US government jobs. Find something you're interested in, get some education, take the civil service exams, profit.
When I was early 20s, I wanted to get rich quick. Followed my dad into insurance, even though I had no interest or sales skills. Learned a lot! And dad was a stunning salesman. Made about every penny off referrals, because he hooked people up with products that worked for them, not a monolithic company. (He represented 20 or so firms.)
Yeah. Easing into IT worked out, and I'm doing well, but looking at where I'm at 30 years later, fuck me, I should have stuck with forestry and been a ranger. I'd probably be retired by now and raking in pay. Benefits out the ass, all that. Imagine how healthy I would be after 20-years of ranger work! I'm OK now, despite a "sinful" life. :) Then I could retire to my dream job, being a campground host at a national or state park. LOL, live on a lake and tell the kids to keep it quiet and keep the beer on the downlow. Walk around killing the occasional fire ant mound.
And while we're at it, US military. God. Damn. I could have learned IT properly, retired after 20-years in, came back and consulted for the DoD. My bf in high school went in a fat body, came out hard, spent a couple of years active, then went National Guard.

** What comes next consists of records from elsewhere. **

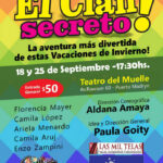 La Subsecretaría de Gestión Cultural de la Municipalidad de Puerto Madryn invita a participar de “El Clan Secreto”, un espectáculo teatral para toda la familia, dirigido por Paula Goity. Las funciones se realizarán los domingos 18 y 25 de septiembre a las 17.30 en el Teatro del Muelle, ubicado en avenida Rawson 60. “El Clan Secreto” cuenta las aventuras de un grupo de amigos que se encuentran a jugar en una vereda de su barrio y, con el afán de hacer algo distinto, deciden entrar en un teatro viejo y cerrado, buscando nuevas aventuras en un sitio lleno de magia. En el espectáculo actúan Florencia Mayer, Camila López, Ariela Menardo, Camila Aruj y Enzo Zampini. Asimismo, la dirección coreográfica es de Aldana Amaya, el valor de la entrada será de 50 pesos.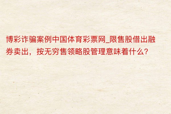博彩诈骗案例中国体育彩票网_限售股借出融券卖出,按无穷售领略股管理意味着什么?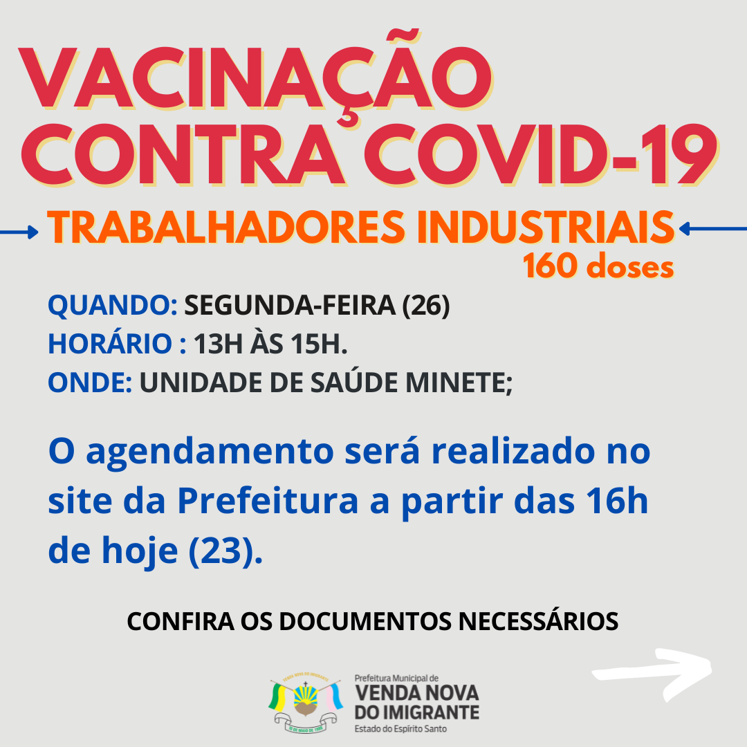 A Prefeitura de Venda Nova do Imigrante, através da Secretaria de Saúde, dá continuação a campanha de imunização dos munícipes contra o coronavírus. Nesta segunda-feira (26), de 13h às 15, na Unidade Básica de Saúde do Bairro Minete, trabalhadores industriais receberão a primeira dose de vacina contra a Covid-19. A empresa deve estar com CNAE de atividade econômica principal contemplado na lista definida pelo Governo do Estado.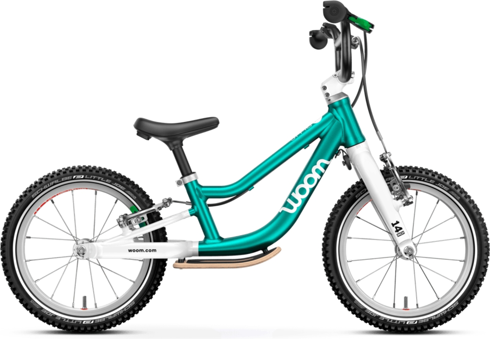 Beschreibung lang<p><b>Rahmen</b> leichtes, hochwertig verarbeitetes AA-6061-Aluminium, 14"-Laufradgröße, gutmütiges Fahrverhalten: extrem tiefer Einstieg, sehr niedrige Sitzposition, langer Radstand und fehlerverzeihende Lenkgeometrie sorgen für Stabilität sowie gute Balance und viel Fahrspaß</p><p><b>Laufrad</b> superleichte Felgen aus Aluminium, schmale, leichte Alu-Naben, besonders schmale Nabe am Hinterrad für extra viel Beinfreiheit, Ein- und Ausbau mit 5-mm-Innensechskantschlüssel, 16 leichte, extra robuste Niro-Speichen, gekreuzt eingespeicht</p><p><b>Reifen</b> 14 × 1,4" Schwalbe Little Joe, hochwertige, sehr leichte Reifen mit geringem Rollwiderstand für sicheren Halt und müheloses Vorankommen, Autoventile für einfaches Befüllen an jeder Tankstelle, reflektierende Streifen an den Flanken</p><p><b>Sattel</b> leicht bananenförmig für guten Halt, ergonomisch geformt, robustes, wasserfestes & witterungsbeständiges Material, texturierte Unterseite für angenehmes Tragen</p><p><b>Lenker</b> breiter, ergonomischer und leichter Lenker aus Aluminium für eine gute Kontrolle über das Rad, BMX-Style mit hohem Rise für maximale Verstellbarkeit, sandgestrahlt und schwarz anodisiert, besonders schmaler Durchmesser im Griffbereich, daher auch für sehr kleine Hände gut geeignet, Breite: 500 mm<p><b>Griffe</b> ergonomisch geformt, besonders schmaler, kindgerechter Durchmesser für guten Halt, Komfortzone für ein Plus an Fahrkomfort, Enden mit extra großem Durchmesser zum Schutz vor Verletzungen, Schraubgriffe mit integrierter Klemme zum Schutz vor Verdrehen</p><p><b>Bremsen </b>zwei unabhängig voneinander bedienbare Mini-V-Bremsen mit kindgerechtem Hebelverhältnis, ergonomisch geformte Bremshebel für kleine Kinderhände mit kurzen Fingern und geringer Handkraft, hochwertige Jagwire-Bowdenzüge für geringe Reibung und leichtgängige Funktion, Hinterradbremse: grüner Bremshebel, grüne Bremsbeläge</p><p>Alter: 3 - 4.5 Jahre - Körpergröße: 95 - 110 cm - Gewicht: 4,45kg</p>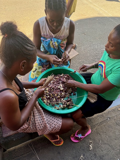 In Nosy Be, the Mada resort town where I spent several days, a brochette stand is a sensation. Customers line up in the evening for take-home brochettes, about 11 US cents each. The tiny stand was started by the mother of some of the workers years ago. It’s grown into a thriving family business, employing daughters, granddaughters and cousins, all at work cutting up 25 kilos of zebu every day, then assembling the brochettes with the meat, green papaya, and more.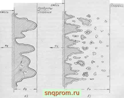 Фиг. 26, Схемы турбулентного фронта пламени.

Retired after a few years in, and then once a month on exercises, he's fucking loaded. Retired at 39. Collects classic cars for kicks.
And for those of you who think "military" = "combat", LOL no, most of you couldn't get into combat if you tried.
He only saw "light" combat in central America, in the early 90's (we were not in El Salvador, did not happen!) He got in the fight because he begged for it.